The simulation task was divided into three phases: Baseline, training, and test. All phases were 40 trials in duration (although the baseline phase included an additional 10 practice trials, described below). In each phase, participants were presented with different configurations of submarine heading, contact position and contact speed on every trial. Each trial commenced with the participant staring at the console for approximately 3 s. The trial only commenced when they were oriented to the console (equivalent to “looking forwards” in our subsequent analyses). The time-bearing plot would then populate with a single contact (Fig. 1a). Half of the trials were static, in which the target held a constant bearing throughout the trial. On these trials, the time-bearing plot resembled a vertical line (i.e., a fixed bearing varying only across time). Half of the trials were dynamic, in which the target moved with a fixed velocity. These typically generated a wave like pattern on the time-bearing plot, as shown in Fig. 1a. The heading of one’s ownship was indicated using a dotted blue line and was randomly chosen on each trial. Ownship heading, initial contact position and contact velocity were free to vary independently of each other on every trial. There were two exceptions to these rules during the initial 10 practice trials. Practice trials started with easier scenarios in which the first three trials had the ownship heading fixed at 0° and the target vessel was stationary. Over the ten practice trials, these constraints were gradually relaxed such that by the tenth trial the contacts on each trial were dynamic and ownship heading was randomly selected. During the practice trials, participants were allowed to ask for assistance or clarification, but in practice this did not often occur.

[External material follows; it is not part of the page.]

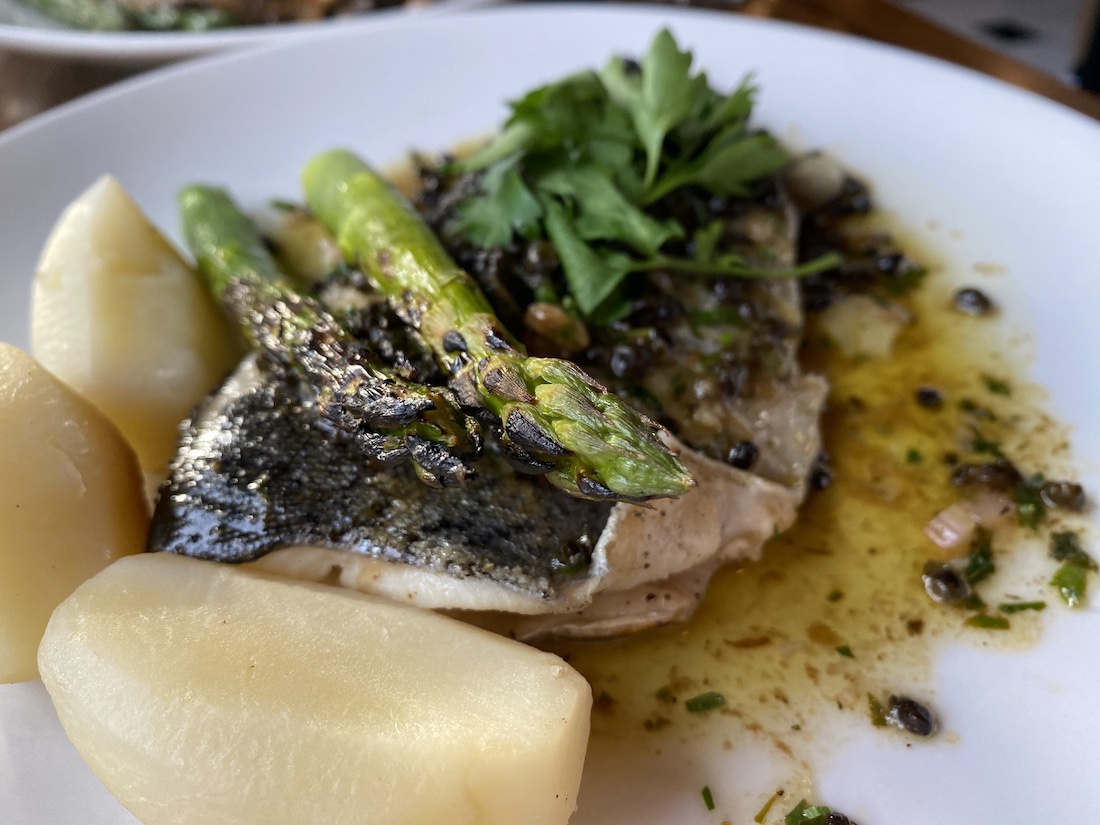 “Loup de Mer et Chair de Crabe” is the technical name — sea bass floated in a touch of olive oil and lemon juice, salt and pepper, served with turned potatoes and julienne vegetables and topped with crab meat.

Participants were asked to make two judgments per trial. We asked them to point first to where the contact was 20 s ago and register their first response (by clicking a button on a handheld wand synchronized to the HTC headset). Then they needed to move the wand to where they believed the contact was currently and press a second button on the wand. The judgment of where the vessel was 20 s ago was facilitated by a tick mark and gridline at 20 s on the vertical axis of the time-bearing plot (and equivalently on the virtual overlay). Both responses needed to be registered within 15 s. Two trials were required to ascertain participants’ ability to interpret both axes (time and bearing).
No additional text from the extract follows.